A couple of weeks ago, before all the brouhaha hit the Kansas Arts Commission, I attended the Creative Communities Exchange at MassMOCA in North Adams, MA. What a difference a 13 years makes!  Hosted by the New England Foundation for the Arts (NEFA) and Berkshire Creative, it was a two-day celebration of New England’s creative economy in a location that has become synonymous with the term.

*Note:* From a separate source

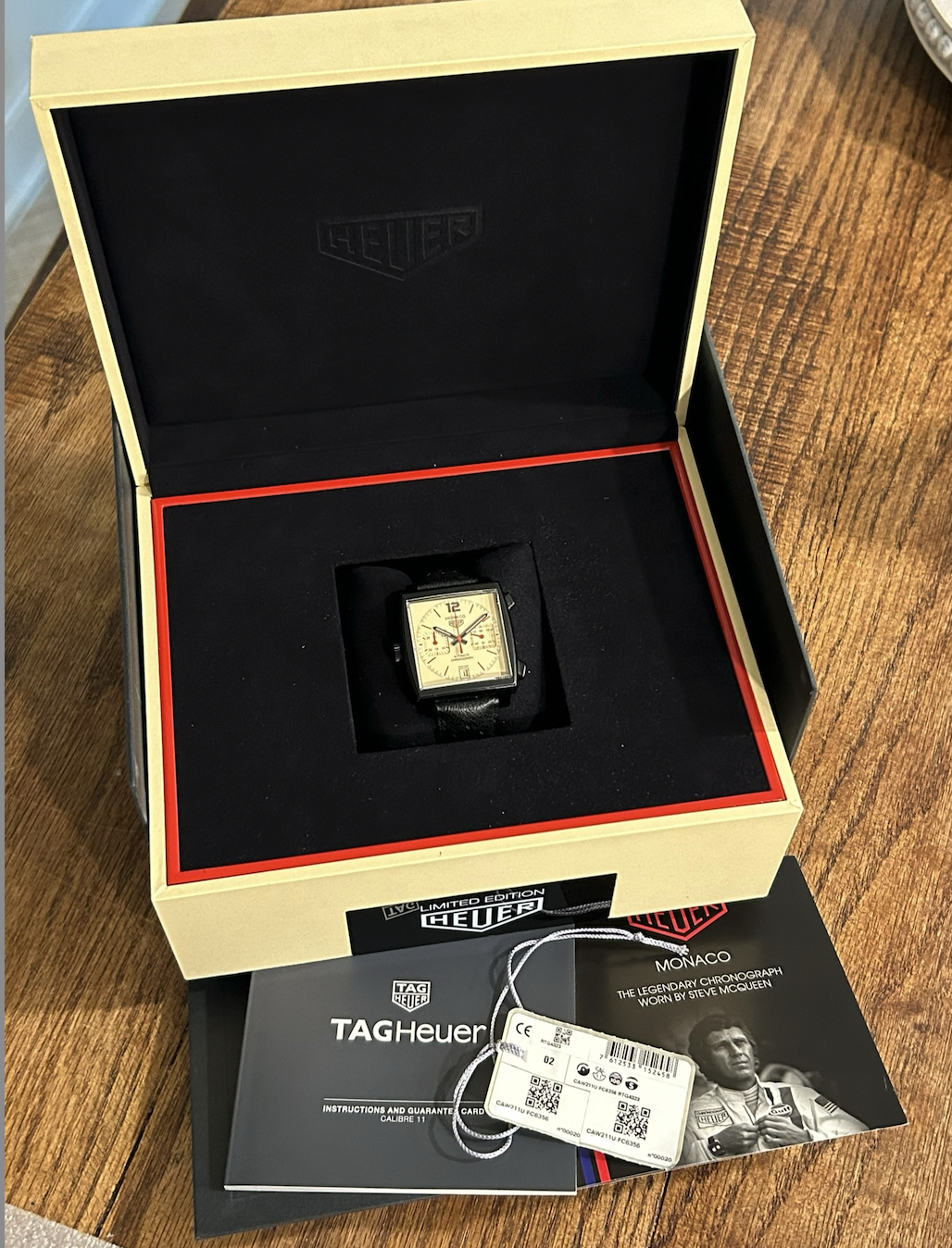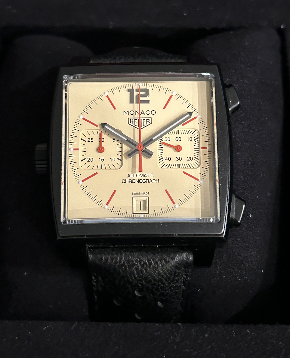 Released in 2019 to celebrate The Hour Glass' 40th anniversary and also coinciding with the Monaco's 50th anniversary! Limited to only 50 timepieces. In excellent condition and all chrono functions work perfectly. Full Box and sales tag.

In the summer of 1998 at Tanglewood, then-Boston Pops Music Director John Williams gave a talk to about 70 arts and business leaders from around New England.  The arts community had been through a major national crisis a few years earlier, the result of the Sen. Helms-inspired, Speaker Newt Gingrich-led Congressional effort to eliminate the National Endowment for the Arts.   John Williams presented a concept that had for a few years been gaining traction in Europe.  There was a new force at work in our communities,  one that most people were familiar with, but that was difficult to define and measure by most economic theorists and policy analysts.

Williams called it the “Creative Economy.”  To paraphrase his words, he said, the Creative Economy was what happens to a place when the arts are encouraged to thrive.  Not only is there an immediate and measurable economic benefit when public dollars are invested in the arts, but there is a far more lasting, though less easy to measure, improvement in the quality of life in a place.  People living in a creative community tend to care more about the aesthetics of their built spaces.  They care more about the quality of their schools.  They care more about the degree to which school-children are engaged in school and civic life.  They tend to trust the social contract that is implicit in the relationship between taxation and social services.  They tend to shop locally and support their own community’s efforts at revitalization.

At the time, the Berkshires had ridden out the economic downturns of the mid-1980s and early 1990s fairly well and, with the notable exception of Pittsfield (the county seat), had little difficulty with its recovery.  Why?  Because the significant presence of the arts throughout the length and breadth of the county was attracting visitors, wealthy second home-owners, and—most tellingly—entrepreneurs who, with a modem and a keyboard, could build their start-up from anywhere in the country so why NOT start up in the Berkshires?  From Great Barrington to Williamstown, from West Stockbridge to Otis, Berkshire County boasted nearly the same number of arts organizations in all of Vermont, and some of them were among the most prestigious organizations of their kind in the world. Collectively, they were an economic developer’s dream.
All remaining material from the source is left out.